Alan Heatherington led the Chicago Master Singers in music of Elgar, Stanford and Finzi Friday night at Divine Word Chorale in Techny.

Alan Heatherington led the Chicago Master Singers in music of Elgar, Stanford and Finzi Friday night at Divine Word Chorale in Techny.

The unwelcome news that Alan Heatherington will shutter his Ars Viva orchestra next month is mitigated to some extent by the fact that the versatile conductor will continue to lead the Chicago Master Singers as music director.

Certainly, with enterprising programs like that presented Friday night at Divine Word Chapel in Techny, the North Shore chorus’s audience and all fans of rare repertory will continue to be well served. Three English choral works were presented in a generous program that spanned nearly three hours.

In the term of the moment, Heatherington is clearly transitioning from conductor to Anglican minister. His Nehru collar bestowed a clerical flavor that seemed sartorially suitable for a trio of works deeply imbued in the Anglo-Christian tradition.

The evening’s main work was Sir Edward Elgar’s The Light of Life. Written in 1896, the oratorio predates The Dream of Gerontius by three years and can be thought of as a trial run for Elgar’s later choral masterwork.

The Light of Life is not on the same inspired level, with a rather episodic treatment of the tale of Jesus healing the blind man, unaided by the stodgy Victorian text of the Reverend Capel-Cure that awkwardly bridges the scriptural passages.

But the music is Elgar through and through. At its best Light of Life displays the English composer’s orchestral mastery, skillful choral writing and characteristic vein of rich, soaring melody.

Heatherington has a fine feel for Elgar’s restless, challenging idiom and led a crackling performance of surging momentum, drawing committed playing from the Ars Viva orchestra. The darkly moving orchestral Meditation that opens the work was quite beautifully played, and the triumphant final chorus, “Light of the World, we know Thy praise” proved overwhelming in sonic impact with chorus and orchestra in full cry.

Vocally, the performance was more uneven–in no small part due to the cloudy reverberant acoustic of the ornate space. The singing of the large chorus had bold presence, agility and impact yet words were often indecipherable without reference to the program’s printed text.

Heatherington’s regular vocal quartet offered the same mixed rewards as in past outings. Michelle Areyzaga was the standout, her high soprano–and exemplary diction–soaring in her solo moments as the blind man’s mother. As Jesus, Gerard Sundberg brought a burnished weight and authority to his aria, “I am the Good Shepherd.”

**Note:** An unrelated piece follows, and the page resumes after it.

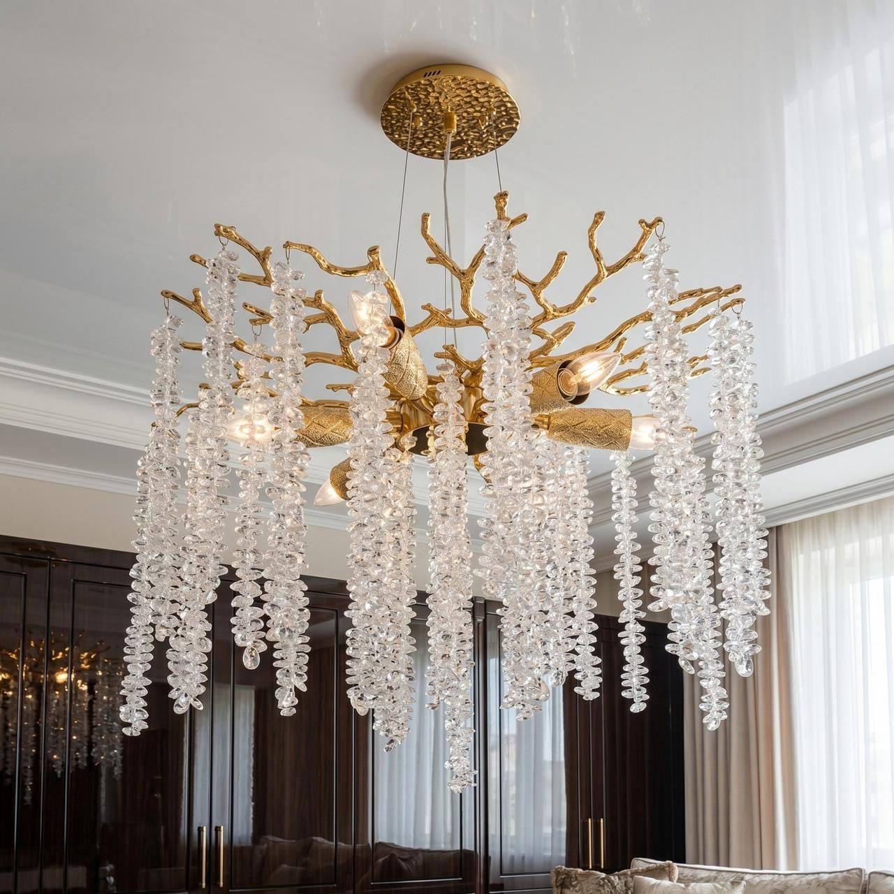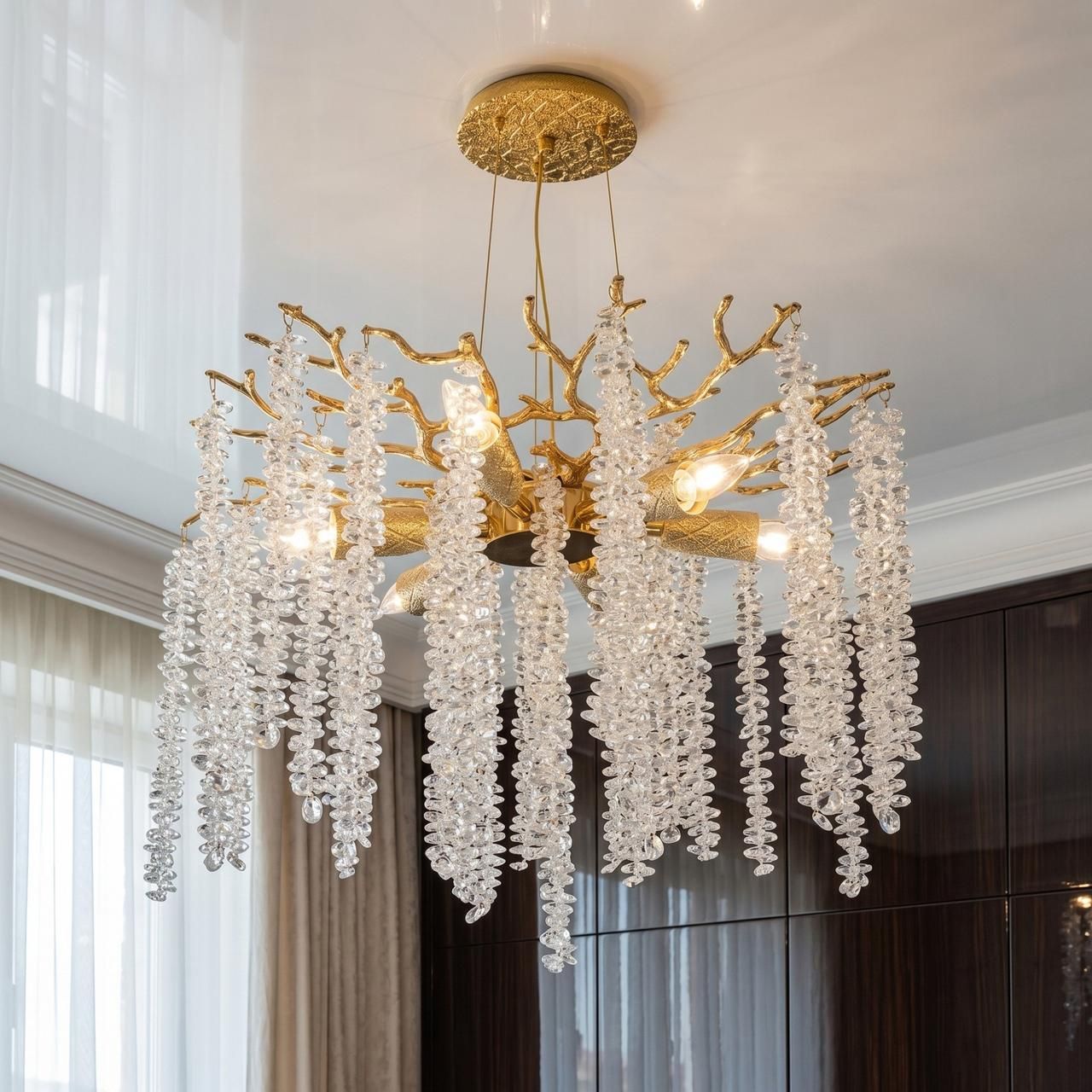 Форма люстры, имитирующая природные мотивы, способствует созданию уютной обстановки. При использовании светодиодных ламп с теплой цветовой температурой хрусталь наполняет комнату мягкими бликами, создавая оптимальные условия для отдыха.

Peder Reiff was ardent and impassioned as the  blind man though his wiry tenor could have benefited from greater tonal refinement and more consistent projection. Mezzo-soprano Sarah Holman was a wobbly and fitfully indistinct narrator.

The Stabat Mater of Charles Villiers Stanford preceded Elgar’s oratorio and rather drastically showed the pallid shape that English music was in before Elgar appeared on the scene. Even Light of Life sounds like a masterpiece next to the Irish composer’s Stabat mater—a work that seems reflective of the tide of hoary academic works that came out of the Victorian choral tradition.

There are some effective moments, as with the cinematic drama of the opening Prelude, the poignant Intermezzo, and the benedictory glow of the final section, well rendered by the strings under Heatherington’s alert direction.  Yet too often Stanford’s alternation of soloists, chorus and orchestra sounds unwieldy and the thematic material is less than memorable.

Heatherington clearly believes in this score, and led a heaven-storming performnce with galvanic intensity in the big climaxes for chorus and orchestra. The finest moments were once again provided by Areyzaga’s sensitive and evocative solo singing.

The concert led off with Gerald Finzi’s Magnificat, which received a majestic and sensitive performance, although the acoustic fuzz again made the clarity of the chorus’s words a sometime thing.

The program will be repeated 7 p.m. Sunday at Divine Word Chapel.